И тут же отвернулась, чтобы он не мог заглянуть ей в глаза.
Когда Хаим-Мойше провожал ее домой, она никак не могла справиться с волнением. Внимательно смотрела под ноги и молчала. Но вдруг спросила:
— Вы знаете Хаву Пойзнер?
Хаим-Мойше удивился:
— Хаву Пойзнер? — Уловил что-то в ее лице и добавил: — Видел пару раз.
Ему стало любопытно, и он задал вопрос, который давно хотел задать:
— Что она за человек?
— Что за человек?
Ханка, все так же глядя под ноги, ответила, что трудно сказать. Вообще-то она, Ханка, была бы не против, если бы Хаим-Мойше поближе познакомился с Хавой Пойзнер и сам разобрался, что она за человек. Тут, в Ракитном, можно сказать, она как зеркало: всем нравится. Даже Мейлах что-то в ней нашел, всегда улыбался, когда она проходила мимо аптеки и ему кланялась. Говорил, интересная она, очень интересная. Как-то раз Этл ему рассказала, что в детстве, когда они с Хавой учились в городской школе, Хава опрокинула ей на тетрадь чернильницу, чтобы учитель двойку поставил. Но Мейлах только улыбнулся. Он нашел, что история с чернильницей — это тоже интересно. Часто сидел с Хавой на крыльце магазина — она любила сидеть там вечерами, когда отцовский магазин уже был закрыт. Но они никогда не оставались там вдвоем, вокруг Хавы всегда вились еще два-три парня, а она над ними смеялась. Она говорила, что еврейский парень никогда не придет к девушке один, они только по двое, по трое ходят. А когда покупают новые калоши — говорила — они туда бумажные стельки вкладывают, чтобы было сухо. Хава часто уезжала в окружной город на неделю-другую, и тогда уж, проходя по рыночной площади, на крыльце закрытого магазина никого не увидишь. Но однажды Хава надолго уехала в Крым, и Мейлах каждый вечер наведывался на почту. Ханка как-то раз встретила его на том конце города, возле почты; он шел с непокрытой головой и внимательно читал только что полученное письмо.
— Мейлах, — спросила тогда Ханка, — а где ваша шляпа?
Мейлах вспыхнул, заулыбался.
— Ах да, — говорит, — я, наверно, ее на почте забыл.
— Вот оно что…
Но тут Хаим-Мойше прервал рассказ Ханки:
— Почему вы решили, что это было письмо от Хавы Пойзнер?
— От Хавы Пойзнер?
Ханка опять покраснела.
— Погодите-ка, разве я так сказала?..
Хаим-Мойше воспользовался ее замешательством и быстро спросил:
— Ну а что Мейлах принял перед смертью? Неизвестно?

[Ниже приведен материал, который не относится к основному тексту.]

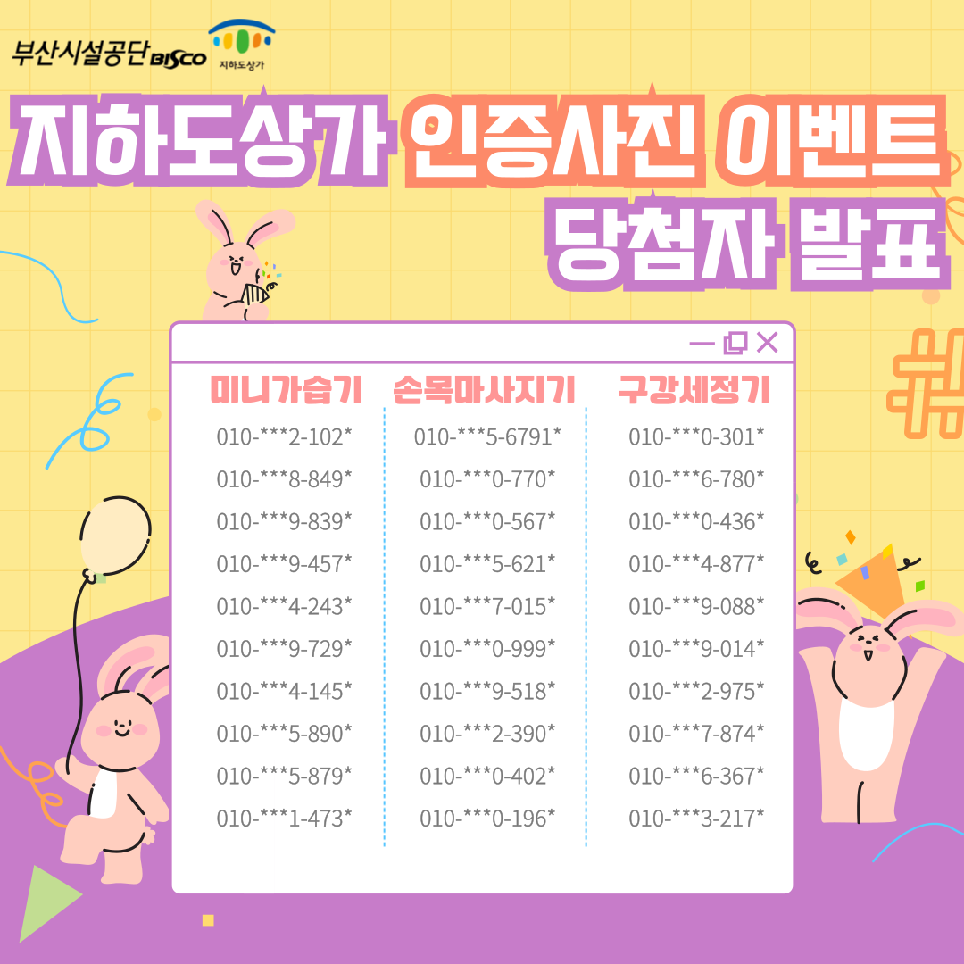 지하도상가 ON나 페스티벌 이벤트 당첨자를 발표합니다!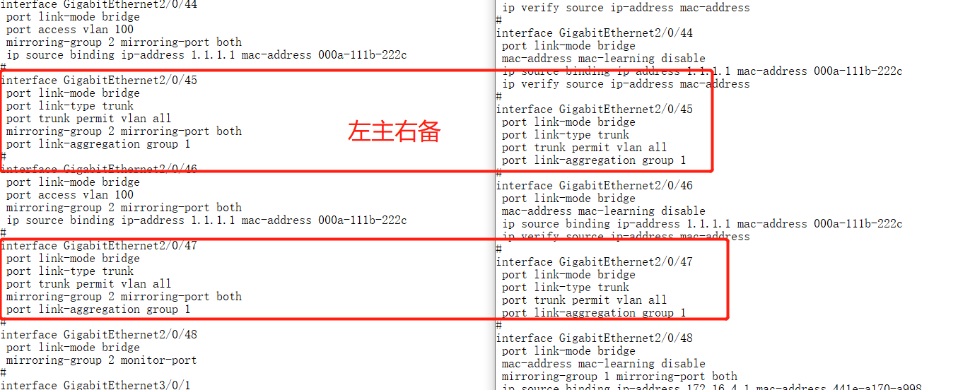 看了聚合口配置,发现主机配置了镜像口,备机未有配置,是否这个原因导致单向不通,聚合为静态聚合

На этом, собственно, разговор и закончился. Ханка побледнела и замолкла, и Хаим-Мойше почувствовал себя виноватым, будто бы только что сильно ее обидел.
IX[5]
По дороге в лес он незаметно для себя начал думать о Мейлахе, машинально повел с ним мысленную беседу: «Он, Хаим-Мойше, и Мейлах — по сути дела один человек; он, Хаим-Мойше, — суровый одиночка, никому ничего не хочет прощать и требует от жизни слишком многого, он должен в конце концов преодолеть в себе мягкого, улыбчивого Мейлаха, который все прощает, принимает и благословляет. Тем не менее это факт: именно после смерти Мейлах приобрел больший вес — Мейлах со своей стеснительной, доброй улыбкой…»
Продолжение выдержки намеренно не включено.